As a consequence, there is a desire to improve the heat transfer characteristics of new or existing vertically-oriented heat exchangers utilized in hydrocarbon processing.
SUMMARY OF THE INVENTION
One exemplary embodiment can be a process for transferring heat to a first stream from a second stream in a hydrocarbon process. The process can include passing the first stream through at least one generally vertically-orientated tube in an exchanger. An interior surface of the at least one generally vertically-orientated tube may form one or more curved irregularities where the first stream, prior to entering the at least one generally vertically-orientated tube, may include a mixture of a gas including hydrogen and at least one or more C1-C3 hydrocarbons, and a liquid including one or more C4-C13 hydrocarbons.
Another exemplary embodiment may be a process for modifying a tube for a generally vertically-orientated exchanger in a hydrocarbon unit. The process can include introducing an insert into the tube where the insert may form one or more curved irregularities for modifying an interior of the tube.
A further exemplary embodiment can be a process for transferring heat from an effluent to a first stream in a reforming process. The process can include passing the first stream through at least one generally vertically-orientated tube in an exchanger.
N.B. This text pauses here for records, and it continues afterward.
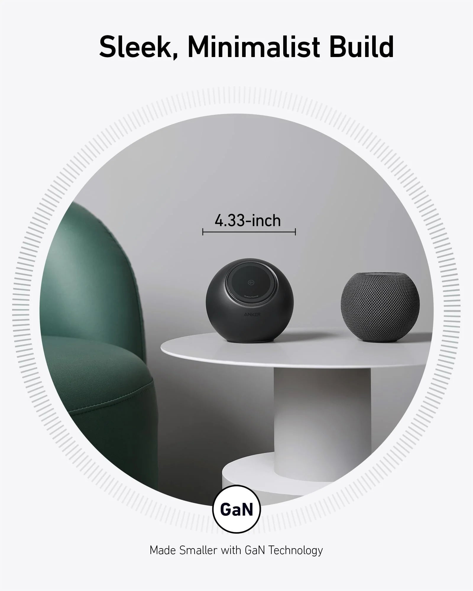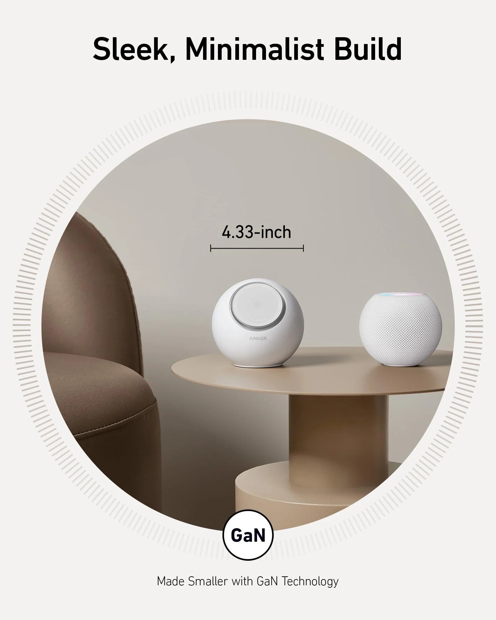Enjoy a streamlined setup with concealed rear outlets, ensuring a clean desktop and saving space with a size comparable to a HomePod Mini.
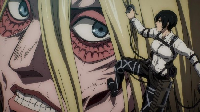 С ровесниками они активно сражались в порту. Микаса включила режим берсерка и безжалостно выкосила пару крыш экс-соратников, пока Флок обвинял всех в предательстве родины. Унаследовавший силу Зубастого титана Фалько игнорирует приказ Пик (Перевозчик) и перевоплощается, чтобы помочь соратникам в безвыходной ситуации. Первое перевоплощение — самое сложное: чаще всего, оно не отпечатывается в памяти и сопровождается буйством.
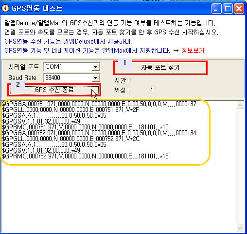 3. "자동포트 찾기"버튼을 클릭합니다. 자동포트를 찾지 못할 경우 연결한 포트와 속도를 직접 입력합니다. GPS 수신속도는 해당 GPS메뉴얼을 참고하거나 제조사에 문의합니다.
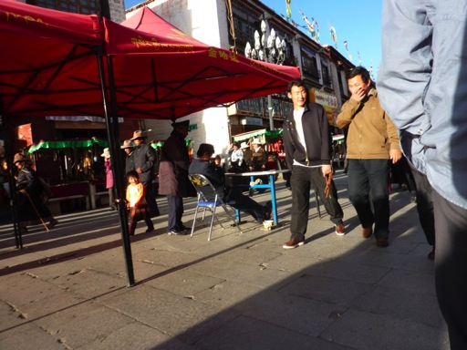 Le vieux Lhassa, un autre monde. Les gens défilent autour du temple Jokhang dans le sens des aiguilles d'une montre. Ils font tourner leur moulin à prière, égrennent leur chapelet, om mane padme om (O le joyau dans la fleur de lotus). Ils avancent d'un bon pas car les attroupements sont tout de suite encerclés. Partout des militaires en faction, pas une rue du vieux Lhassa leur échappe. Déambulant à notre gré, enfin sans guide, nous croisons des soldats marchant en groupe de cinq, sur les toits d'autres surveillent les mouvements derrière leur casque en plexiglass. Tous les cent mètres un parasol abrite la police municipale. S'arrêter trop longtemps dans une échoppe et voici la police qui vient gérer les relations. Parler dans un square à un groupe de jeunes et voici qu'un observateur en civil se met à vous suivre à la trace.

Generally, an interior surface of the tube can form one or more curved irregularities and the first stream, prior to entering the at least one generally vertically-orientated tube, may include a mixture of a gas including at least about 60%, by volume, hydrogen and a liquid including one or more C4-C12 hydrocarbons.
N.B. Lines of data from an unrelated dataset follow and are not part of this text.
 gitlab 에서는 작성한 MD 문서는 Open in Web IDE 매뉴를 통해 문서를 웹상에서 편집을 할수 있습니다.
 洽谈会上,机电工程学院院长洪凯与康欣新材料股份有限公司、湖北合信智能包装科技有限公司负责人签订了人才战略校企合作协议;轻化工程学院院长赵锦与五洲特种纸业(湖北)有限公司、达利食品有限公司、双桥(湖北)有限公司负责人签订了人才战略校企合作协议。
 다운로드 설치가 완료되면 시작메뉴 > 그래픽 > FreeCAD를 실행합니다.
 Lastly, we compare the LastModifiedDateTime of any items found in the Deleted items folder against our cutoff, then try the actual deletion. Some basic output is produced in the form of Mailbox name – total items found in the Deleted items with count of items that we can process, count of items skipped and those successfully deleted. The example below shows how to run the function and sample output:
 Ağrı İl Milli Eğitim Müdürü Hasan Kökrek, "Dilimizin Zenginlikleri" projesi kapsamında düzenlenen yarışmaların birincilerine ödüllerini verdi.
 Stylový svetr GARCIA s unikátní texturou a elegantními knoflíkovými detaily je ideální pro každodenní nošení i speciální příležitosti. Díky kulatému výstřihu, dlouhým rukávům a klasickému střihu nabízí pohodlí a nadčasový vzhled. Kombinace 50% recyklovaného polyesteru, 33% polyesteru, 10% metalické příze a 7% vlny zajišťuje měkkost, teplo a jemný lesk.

The embodiments disclosed herein can provide a tube for a vertically-oriented heat exchanger that has one or more curved irregularities within the tube. Particularly, the tube can form helical grooves and/or ridges that increase the heat transfer from a fluid inside the tube to a fluid in a shell of an exchanger by improving the liquid lift and the liquid-vapor distribution of the tubes. Moreover, the tube can also form or contain external fins to increase heat transfer. Additionally, an existing tube can be retrofitted to receive an insert having one or more curved irregularities formed therein. Thus, the liquid lift and liquid-vapor distribution of the tubes may be improved, and the heat transfer of an existing heat exchanger can be increased.
DEFINITIONS
As used herein, the term “stream” can include various hydrocarbon molecules, such as straight-chain, branched, or cyclic alkanes, alkenes, alkadienes, and alkynes, and optionally other substances, such as gases, e.g., hydrogen, or impurities, such as heavy metals, and sulfur and nitrogen compounds. The stream can also include aromatic and non-aromatic hydrocarbons. Moreover, the hydrocarbon molecules may be abbreviated C1, C2, C3 . . . Cn where “n” represents the number of carbon atoms in the one or more hydrocarbon molecules.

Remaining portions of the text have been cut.